GHRH-R antagonist MIA-602 reduces bleomycin-induced lung inflammation and fibrosis in mice

Pulmonary fibrosis, particularly idiopathic pulmonary fibrosis (IPF), is a chronic, progressive lung disease with limited treatment options and a poor prognosis. Current therapies often slow progression but do not reverse the damage. Bleomycin-induced lung injury in mice is a widely used preclinical model for studying fibrotic lung disease, mimicking key aspects of human IPF. Growth hormone-releasing hormone (GHRH) is a 44-amino acid peptide primarily known for stimulating growth hormone (GH) secretion. However, GHRH receptors (GHRH-R) are also found in various non-pituitary tissues, including the lung, suggesting potential roles in local cellular processes like inflammation and tissue remodeling, which could be targeted to address the unmet needs in fibrotic lung diseases.
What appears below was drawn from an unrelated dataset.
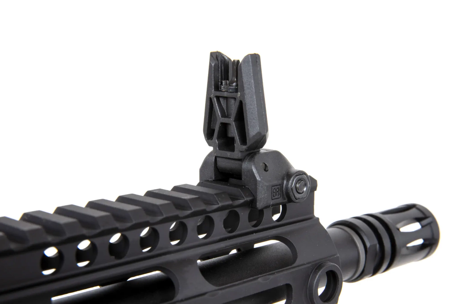 The replica is equipped with a free-float front in the M-LOK mounting system, on which various tactical accessories can be mounted: torches, grips, laser pointers or optical sights. The replica is also equipped with folding sighting devices on the back.
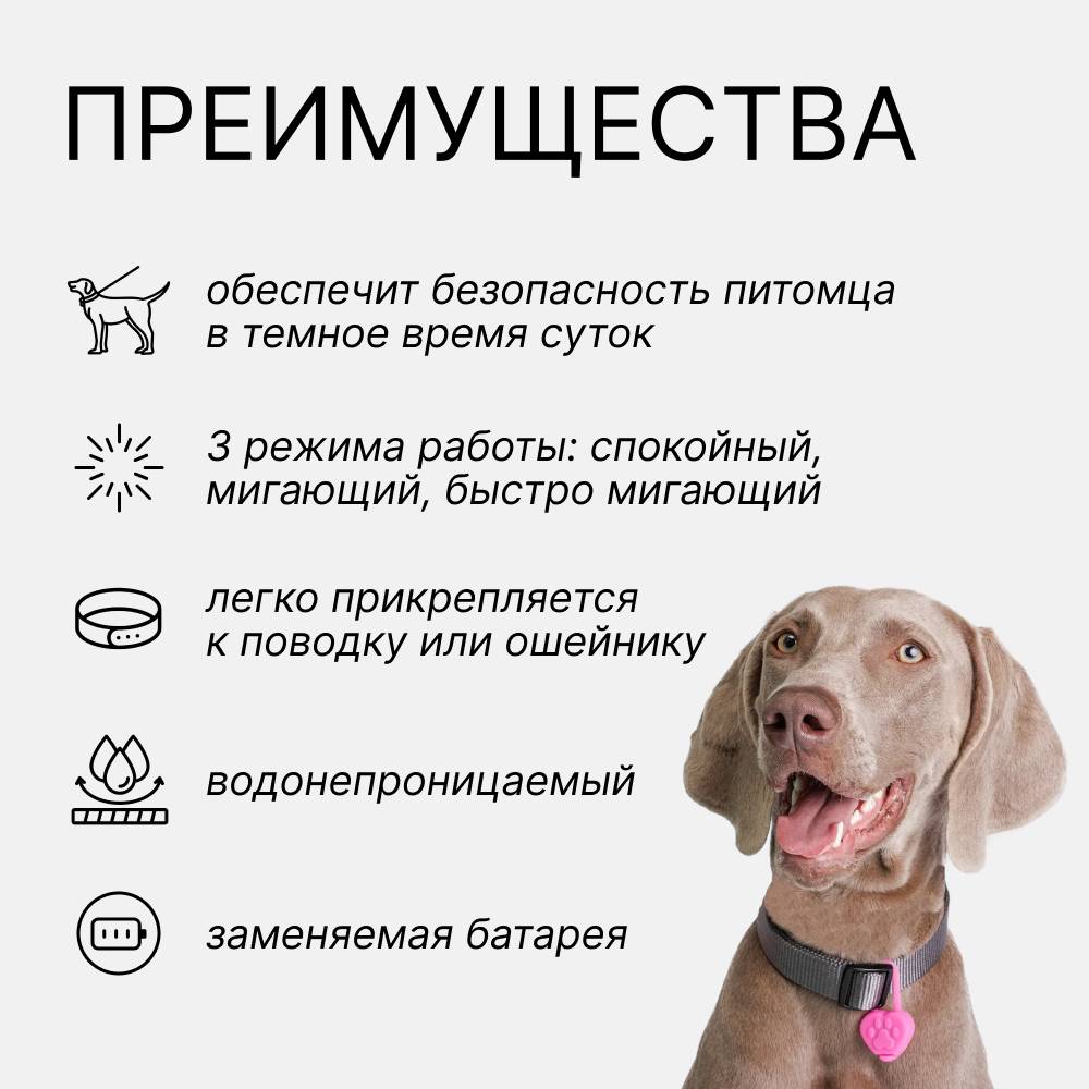 Светящийся маячок от бренда Rungo на ошейник понадобится вам для прогулок в темное время суток.

Researchers investigated the GHRH receptor antagonist MIA-602 in a bleomycin-induced lung injury model using C57Bl/6J mice. Mice received MIA-602 (5 µg) or vehicle via subcutaneous (SC) injection daily for 21 days. Bleomycin (0.8 units) was administered intraperitoneally (IP) on days 1, 3, 7, 10, 14, and 21 to induce lung injury. Primary endpoints included assessment of lung inflammation at day 14 using histopathologic scores and lung fibrosis at day 28 by measuring hydroxyproline (HP) content. Gene expression analysis was performed on lung tissue to identify molecular changes related to immune response and inflammation, providing insights into the mechanism of action.

Treatment with MIA-602 significantly mitigated bleomycin-induced lung pathology. At day 14, histopathologic scores showed inflammation was visibly less evident in mice treated with MIA-602 compared to vehicle-treated controls. This suggests an early anti-inflammatory effect. By day 28, lung hydroxyproline (HP) content, a marker of collagen deposition and fibrosis, increased significantly in vehicle-treated mice. In stark contrast, lung HP levels in MIA-602-treated mice did not increase significantly compared to naïve controls, indicating a robust anti-fibrotic effect. This demonstrates MIA-602's ability to prevent the progression of fibrosis. Gene expression analysis revealed that MIA-602 treatment led to the upregulation of multiple genes related to chemotaxis, IL-1, chemokines, regulation of inflammation, and extracellular signal-regulated kinases (ERK) in bleomycin-injured lungs. Conversely, MIA-602 prominently suppressed multiple genes associated with the cellular immune response, including those involved in T-cell differentiation, receptor signaling, activation, and cytokine production.